Java エバンジェリストと名前もついているし、まあそうなのだろうとは思えるのですが、うーんマイクロソフト、Visual J++、ウッ頭が……という感じでなんか混乱してしまうところがあって、でもてらださんから直接話を聞いていると、ああ、本当にそういうことなんだ、と思えました。
もちろんただ Java のことだけを言うのではなくて、要するに(Azure に代表される)Microsoft のプラットフォームで Java が使えるよ、使ってよ、ということなのですが、本気で使ってよ、と言っていくんだな、というか……。

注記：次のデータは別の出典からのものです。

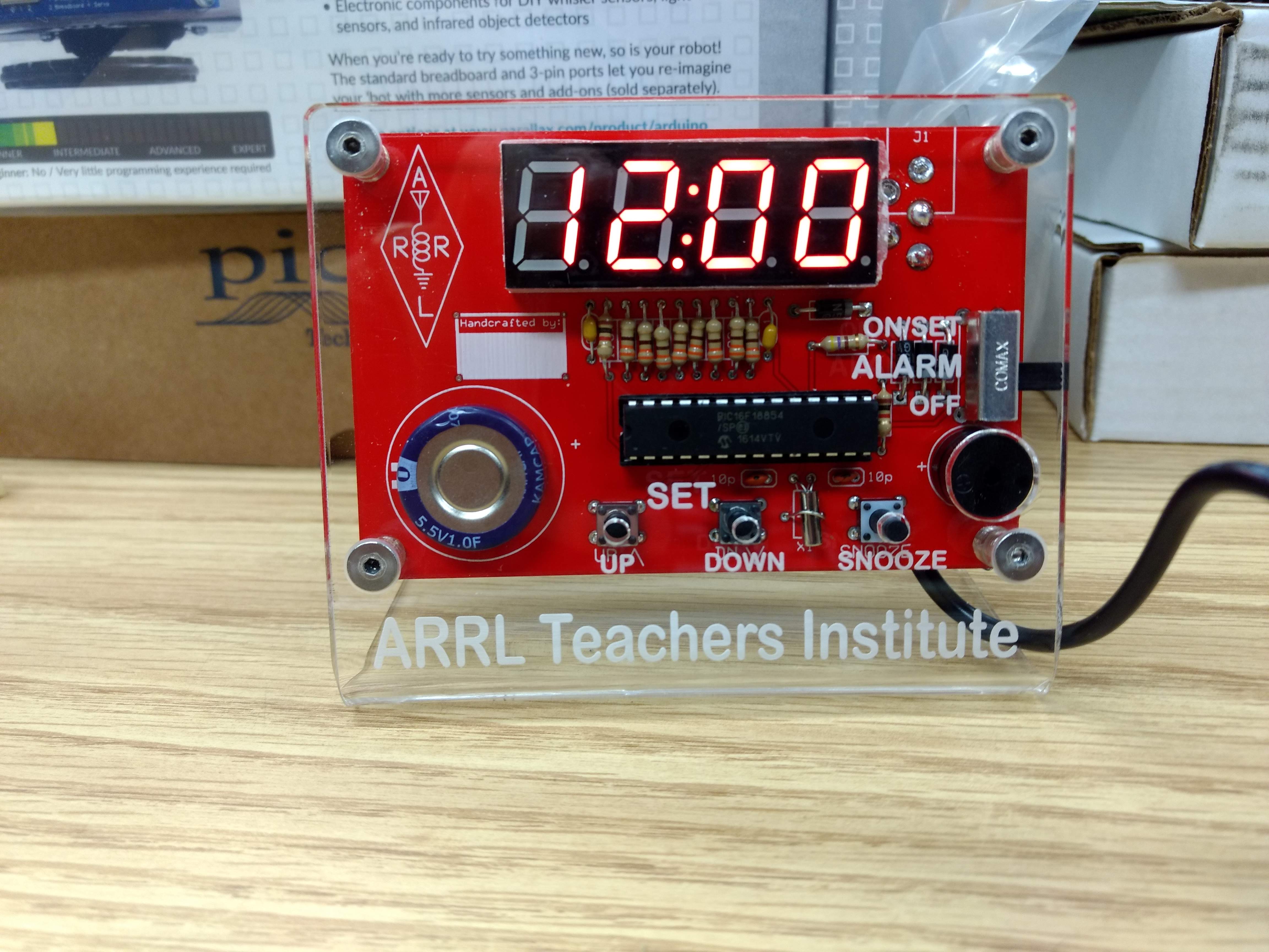 By midway through the first day of the institute we were already delving deep into the educational context for wireless technology, basic electronics, and soldering. While I had some experience in these areas with my work in Amateur Radio and my experience at Space Camp the summer prior, this was just as exciting as experiencing it for the first time. We opened our new Breadboard, connecting a circuit filled with wires, resistors, and LEDs, to help us understand the functions of our new Multimeter. By the end of day one we opened our ARRL designed clock kits to accomplish our first task. We were tasked with putting together the components of the clock from a kit and soldering the back of each piece. This was supposed to become homework, but all participants were so excited to be working on this project that we all stayed at ARRL an extra two hours that night to complete our clocks. The next morning, we were able to put the finishing touches of the base on the clock and plug them in to see that they worked.

てらださんのことに限らずそう思うのですが、Microsoft が面白くなってきている、というのは最近色々なところで感じます。
これからのご活躍が楽しみです!
懇親会
JJUG CCC への参加は去年の秋から 1 回(春)飛ばして通算 2 度目ですが、初めて最後の懇親会まで参加しました。
JavaOne で多少知り合いもできたので、少しはとっかかりもあるかな……と思って。
結果としてきしださんや、(結局 JavaOne 期間中にはお話できなかった)GS の伊藤さんにご挨拶できて一安心。
初対面の方とも何人かお話できました。
とはいえ、やっぱりなかなかとっかかりが見つけにくいところもあるので、登壇者の方に話しかけてみるか、自分が登壇することを目指すか、していくと広がりやすいだろうな……とも思ったりします。
LT 大会も楽しいものですね。
列が全然途切れなくてすげえな、と思います。通算 20 人以上は発表されていたのではないでしょうか。
会話の種にもなるし、次回はなんかネタを考えて出たい……。
おわりに
そんなこんなで初フル参加の JJUG CCC は前回以上に充実した一日となりました。
ネタがたっぷり集まったので、ここからひとつガシガシリサーチ&アウトプットしていきたい所存です。
あ、最後になってしまいましたが、タイムキープや多数の参加者の誘導、懇親会まで見事な運営だったと思います。
JJUG 運営メンバーの皆さま、並びにスポンサー各社の皆さまほんとうにありがとうございました。